Она задрала на мне рубаху, взяла у мамы полотенце, окунула его в ведро и, как блин на раскаленную сковороду, шлепнула на мои лопатки, потом смочила еще два полотенца и обложила поясницу и бока; мама безропотно наблюдала за ее размашистыми, властными движениями, похоронно постанывала, иногда с благодарным страхом восклицала «золотко мое… сердце мое, потерпи, потерпи, котик, сейчас тебе станет лучше»; Арон Ицикович машинально ей поддакивал, чтобы взбодрить не столько маму, сколько самого себя.
– Станет лучше… Обязательно станет…
– Слышишь, Гиршеле? Банкиры не обманывают. Если господин Гринблат говорит, что станет лучше, то так оно и будет.
Как ни уговаривала себя мама, как ни подлаживался к ней милосердный Гринблат, как ни колдовала надо мной Анна Пантелеймоновна, никаких перемен в моем состоянии не происходило – раскаленная сковорода не остывала, с удивительной быстротой она выпаривала из полотенец воду – хоть ведрами носи, хоть весь колодец вычерпай, хоть вози ее из Кызы-су в кишлак, как в Кремль, на самолетах. Несмотря на первоначальный приятный холодок от смоченных полотенец, и на бодрящую, как после купания в весеннем не успевшем зацвести озере, безобидную и затухающую дрожь, я по-прежнему шкварился на жгучем огне, с той только разницей, что к волдырям и ранам прибавились одышка и сухой натужный кашель – казалось, в моих легких проклюнулось что-то живое и злобное, пожиравшее в них клеточку за клеточкой.

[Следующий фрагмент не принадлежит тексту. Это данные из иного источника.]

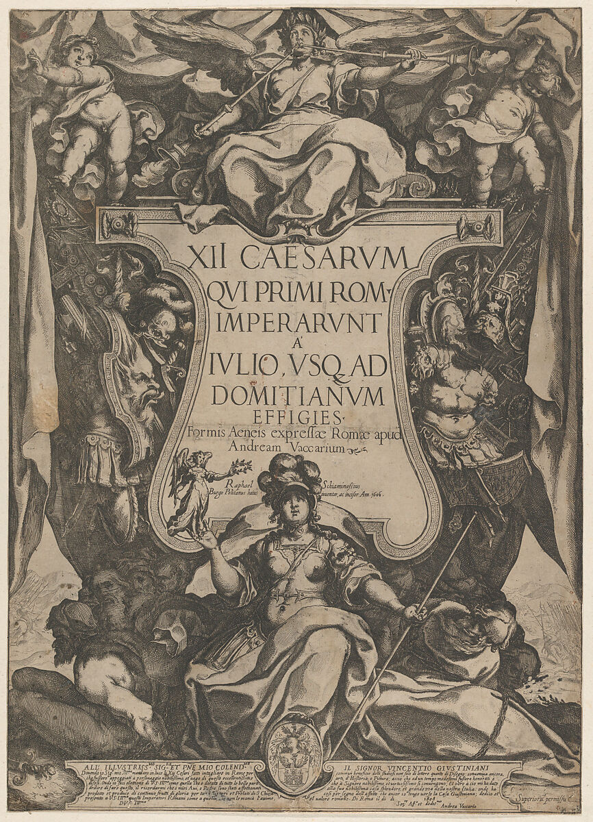 - Title: Frontispiece with a trumpeter sounding trumpets seated on top of a cartouche flanked by trophies, from 'The Twelve Caesars'

Время от времени от жара и разоренного кашлем дыхания я впадал в забытье, мой слух, еще недавно такой чуткий и небезразличный к каждому звуку, вдруг как бы затек густым, заведенным на свежих дрожжах тестом или другим, непрерывно уплотняющимся месивом; в один миг от моего сознания отключились знакомые голоса; в придавленных невидимым гнетом глазах растворились и расплылись привычные образы – мама; красный командир Иван Харин, улыбающийся на стене; банкир, учитель и знаток Торы Арон Ицикович Гринблат; наша хозяйка Анна Пантелеймоновна; мой дружок и подельник Левка Гиндин; царственный Кайербек в звездастой буденовке на своем опечаленном жестокостью хозяина рысаке – и началось беспорядочное мельтешение каких-то легких и неуловимых кругов, которые, как синие, желтые, красные обручи, один за другим бесшумно и неотвратимо катились вниз и так же бесшумно увлекали меня за собой в бездонную, жгучую и ничем, кроме забвения, уже не грозящую бездну.
Изредка, когда наступало кратковременное облегчение, ко мне возвращался выжженный горячкой слух, ненадолго откатывал от горла надсадный кашель, тяжелое, ускользающее дыхание выравнивалось, я выкарабкивался, как попавший в болото жук, из своей жгучей бездны, и в сине-желто-красных обручах, еще продолжавших мелькать предгрозовыми сполохами перед залитыми болью глазами, как на выцветших фотографиях в обветшалом семейном альбоме, туманно возникали чьи-то лица, вещи, стены и даже время, только не сегодняшнее, кишлачное, не голодное, а другое – без войны и объездчиков, без ран и кровоподтеков; все вдруг откручивалось на два-три года назад – и как прежде, за колодку усаживался мой суровый дед Давид с фамильным шилом в руке, с деревянными гвоздочками в зубах и принимался за работу с таким рвением, как будто чинил не чей-то рваный ботинок, а переделывал весь мир; бабушка Роха на покрытых засаленным фартуком коленях сосредоточенно и счастливо ощипывала для чьей-то перины прирезанного гуся; мама с распущенными, еще не заиндевевшими от напастей волосами за настежь открытым оконцем снова развешивала на веревке белье – тяжелые отцовские кальсоны и рубашки, свои шерстяные юбки и сатиновые блузки, мои легкие штанишки-коротышки и маечки; длинная веревка, прогибаясь, змеилась от нашего двора аж до бисерной низки Вилии, над гладью которой вольно, по-цыгански бродяжничало белое, никем не ощипанное облако; каждое божье утро оно выплывало из наших глаз на небесную стремнину, а вечером с усыпанного звездами и мечтами небосвода вплывало на ночлег обратно в наши глаза.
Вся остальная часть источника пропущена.